Identification of device-associated infections utilizing administrative data.

机构信息

Greenville Health System, Greenville, SC.

出版信息

Am J Infect Control. 2013 Dec;41(12):1195-9. doi: 10.1016/j.ajic.2013.03.295. Epub 2013 Jun 13.

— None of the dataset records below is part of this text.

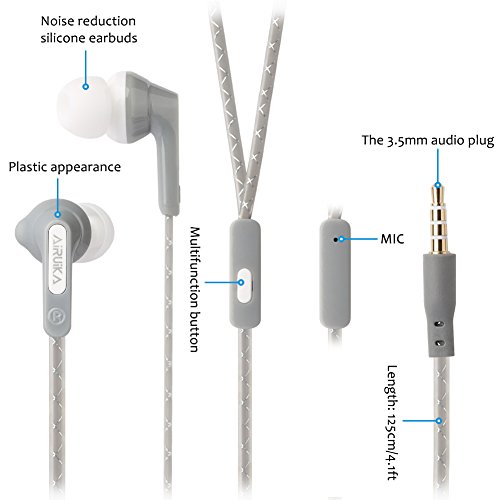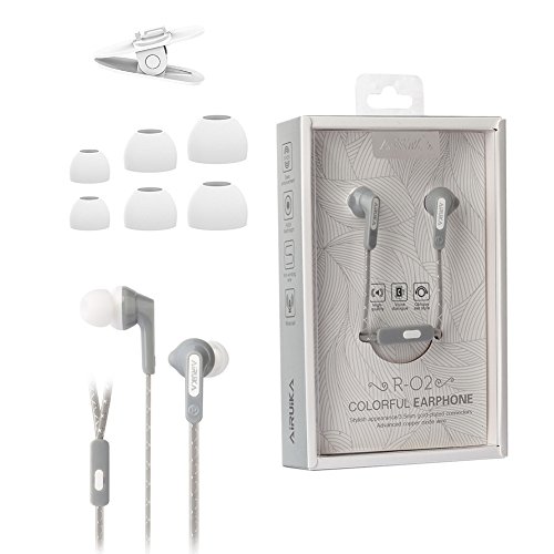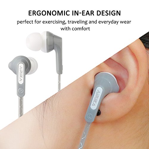 AIRUIKA R2 Headphones Wired In Ear Earbuds Earphones Sports Stereo Bass Headsets with Microphone/Controller Noise Cancelling for iPhone,Samsung Galaxy,iPad,MP3 Players, Extra Durable Flat Cord
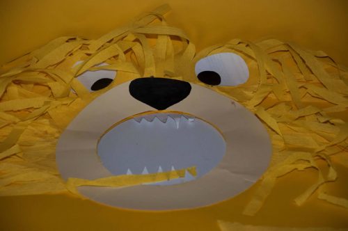 Am Montagmorgen bastelten wir das „Löwenspiel“. Hierzu wurde in einen gelben DIN A2-Bogen ein Loch geschnitten – für das Maul des Löwen. Zudem benötigten wir Augen, Zähne und nicht zu vergessen die Löwenmähne, welche aus Krepppapier auf den Karton aufgeklebt wurde. Nach getaner Arbeit tobten sich die Kinder in theaterpädagogischen Spielen aus, z.B. das Katz-und Maus-Spiel, bei welchem eines der Kinder die Katze ist und versuchen muss, die anderen Kinder, welche die Mäuse sind, zu fangen. Hat die Katze eine Maus erwischt, müssen sie zusammen, sprich sich an den Händen haltend, weiter auf Mäusejagd gehen.
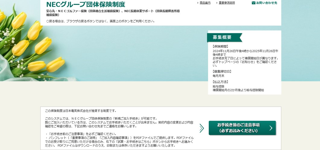 - ※正式名称:安心丸(団体総合生活補償保険(MS&AD型))/NECゴルファー保険(団体総合生活補償保険)/NEC長期休業サポート(団体長期障害所得補償保険)
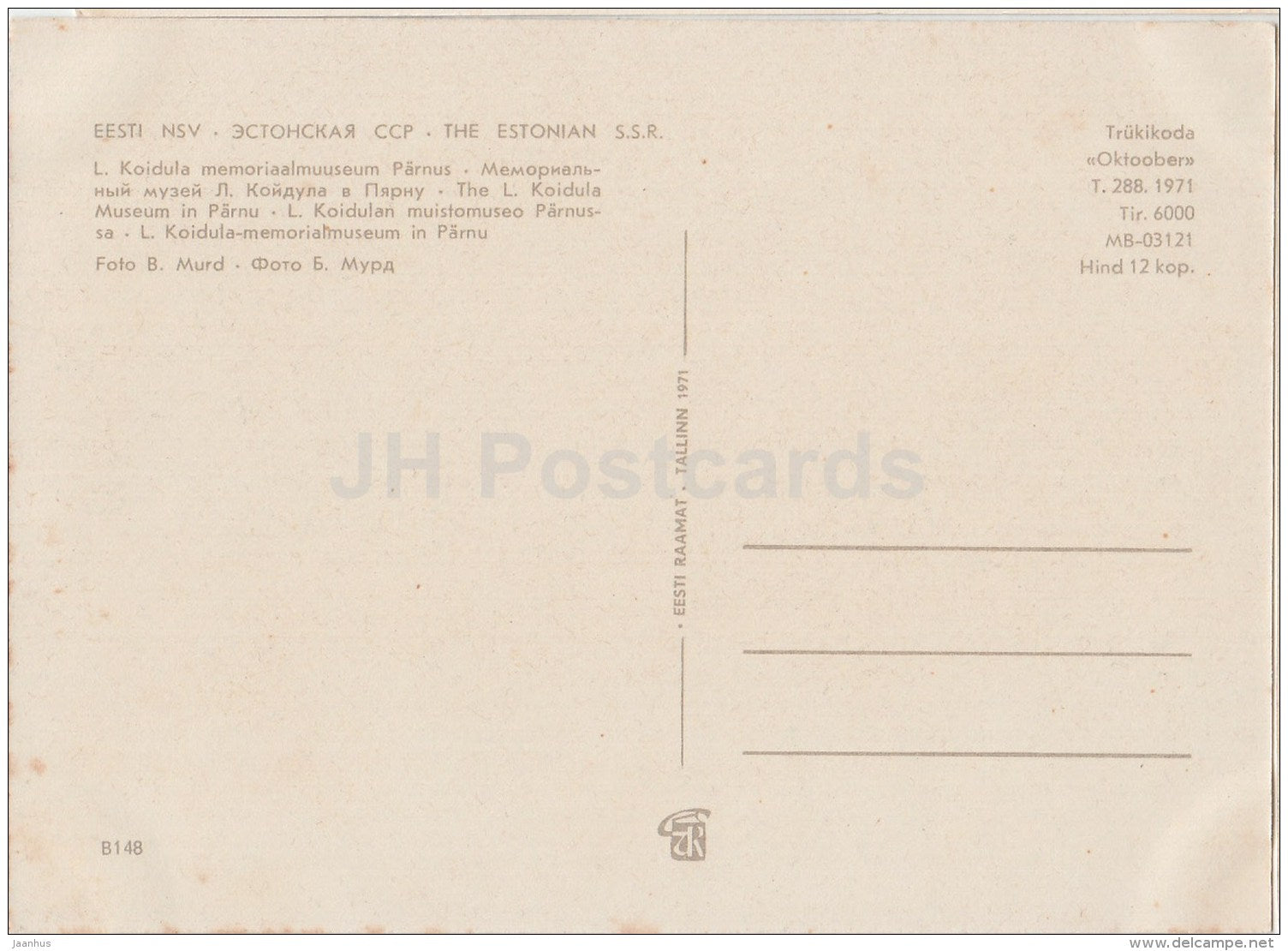 Estonian poet L. Koidula Museum - Pärnu - 1971 - Estonia USSR - unused

DOI:10.1016/j.ajic.2013.03.295
PMID:23768437
Abstract

BACKGROUND

Health care-associated infections are a cause of significant morbidity and mortality in US hospitals. Recent changes have broadened the scope of health care-associated infections surveillance data to use in public reporting and of administrative data for determining Medicare reimbursement adjustments for hospital-acquired conditions.

METHODS

Infection surveillance results for catheter-associated urinary tract infections (CAUTI), central line-associated bloodstream infections (CLABSI), and ventilator-associated pneumonia were compared with infections identified by hospital administrative data. The sensitivity and specificity of administrative data were calculated, with surveillance data considered the gold standard.

RESULTS

The sensitivity of administrative data diagnosis codes for CAUTI, CLABSI, and ventilator-associated pneumonia were 0%, 21%, and 25%, respectively. The incorporation of additional diagnosis codes in definitions increased the sensitivity of administrative data somewhat with little decrease in specificity. Positive predictive values for definitions corresponding to Centers for Medicare and Medicaid services-defined hospital-acquired conditions were 0% for CAUTI and 41% for CLABSI.

CONCLUSIONS

Although infection surveillance methods and administrative data are widely used as tools to identify health care-associated infections, in our study administrative data failed to identify the same infections that were detected by surveillance. Hospitals, already incentivized by the use of performance measures to improve the quality of patient care, should also recognize the need for ongoing scrutiny of appropriate quality measures.

摘要

背景

在美国医院,与医疗保健相关的感染是导致发病率和死亡率显著上升的一个原因。最近的变化扩大了与医疗保健相关的感染监测数据的范围,以便用于公共报告和行政数据,以确定医疗保险对医院获得性疾病的报销调整。

方法

对导管相关尿路感染(CAUTI)、中心静脉相关血流感染(CLABSI)和呼吸机相关性肺炎的感染监测结果与医院行政数据确定的感染进行了比较。计算了行政数据的灵敏度和特异性,以监测数据为金标准。

结果

行政数据诊断代码对 CAUTI、CLABSI 和呼吸机相关性肺炎的诊断灵敏度分别为 0%、21%和 25%。在定义中增加其他诊断代码在一定程度上提高了行政数据的灵敏度,而特异性略有下降。与医疗保险和医疗补助服务中心定义的医院获得性疾病相对应的定义的阳性预测值分别为 CAUTI 为 0%和 CLABSI 为 41%。

结论

尽管感染监测方法和行政数据被广泛用作识别与医疗保健相关的感染的工具,但在我们的研究中,行政数据未能识别出与监测方法相同的感染。已经受到使用绩效措施来提高患者护理质量的激励的医院,也应该认识到需要对适当的质量措施进行持续审查。